CodeGuru Home VC++ / MFC / C++ .NET / C# Visual Basic VB Forums Developer.com
Results 1 to 14 of 14

Threaded View

  1. #10
    Join Date
    Nov 2006
    Posts
    1,611

    Re: How to improve the File Merging

    The disk write cache in Windows is set by the user. It's done in the control panel/system/hardware panel, where the user right clicks the drive and makes the adjustment in the policies tab.

    There is a registry entry associated with this, but the exact entry differs based on the type of drive involved (Sata is different that Pata, for example), and the setting is per physical drive.

    It would be beyond rude for an application to adjust this for a user. For reasons I don't agree with, Windows defaults this setting to a write cache enabled upon installation. Anyone without a UPS should NOT have this on, IMO. I've seen entire drive's corrupted (to the point of requiring a re-installation of Windows) at power failure, even when no applications were writing to the OS drive.

    For machines that are commonly used for large file manipulation (like video editing), it is advisable to use large allocation blocks in Windows. This makes the drive less suitable for general use (lots of small files), but it can drop the complexity of the directory, and thus fragmentation of the directory, and the time associated with directory management in the presence of large file processing.

    I once RMA'd a perfectly good drive under the assumption it was failing because of this issue. I had not yet observed large file management in drives over 40Gbytes, 160 Gbyte drives were brand new on the market at this time. At first the drive performed normally, but I had edited several video projects, most resulted in 10 to 25 Gbyte output, some source files were 50 Gbytes. Of 3 drives, the one that had been "worked" the most began to "hang" the system when I copied files, even using Windows Explorer to copy. The "hang" was system wide, and could last as much as several minutes. That was with write cache off.

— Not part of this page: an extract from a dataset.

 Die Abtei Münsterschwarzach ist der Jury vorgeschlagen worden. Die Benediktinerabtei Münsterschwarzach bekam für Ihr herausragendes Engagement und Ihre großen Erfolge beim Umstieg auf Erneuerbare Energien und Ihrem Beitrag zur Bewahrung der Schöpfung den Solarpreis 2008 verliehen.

    I've since learned more about the problem - although I called for an RMA on a drive, I never sent it in. I discovered the problem before I sent it off - the drive is still in use and is fine.

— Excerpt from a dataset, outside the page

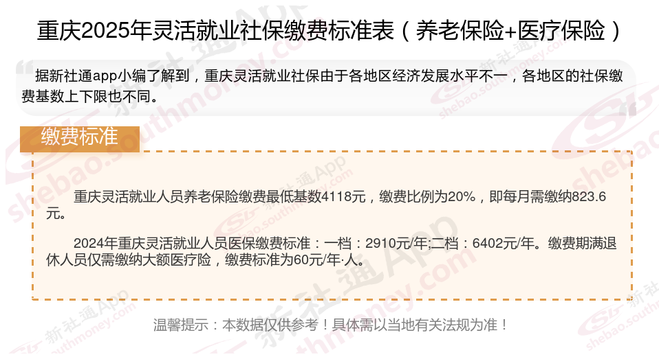灵活就业社保缴费标准每年都会有所调整,主要体现在缴费基数和缴费比例上。接下来随社保君了解一下2025年重庆灵活就业人员社保缴费标准是怎样的的相关内容。

    There is little if nothing that can be done from within an application to "help" a fragmented drive that's not "tuned" for the manipulation of large files. I suppose one could attempt the dangerous notion of working outside the operating system and attempt to control the drive in a manner similar to how partition backup software works, but not only is this drastic and inadvisable, it's a formula for disaster - possibly a business disaster if this is a product.

    The fact is that in Windows we are using a file system originally designed for 1 Gbyte drives. The file system hasn't been updated much beyond minor expansion. I've not tried Linux or Unix under the same stress scenario, but I expect there are several file systems selectable for those which respond much better.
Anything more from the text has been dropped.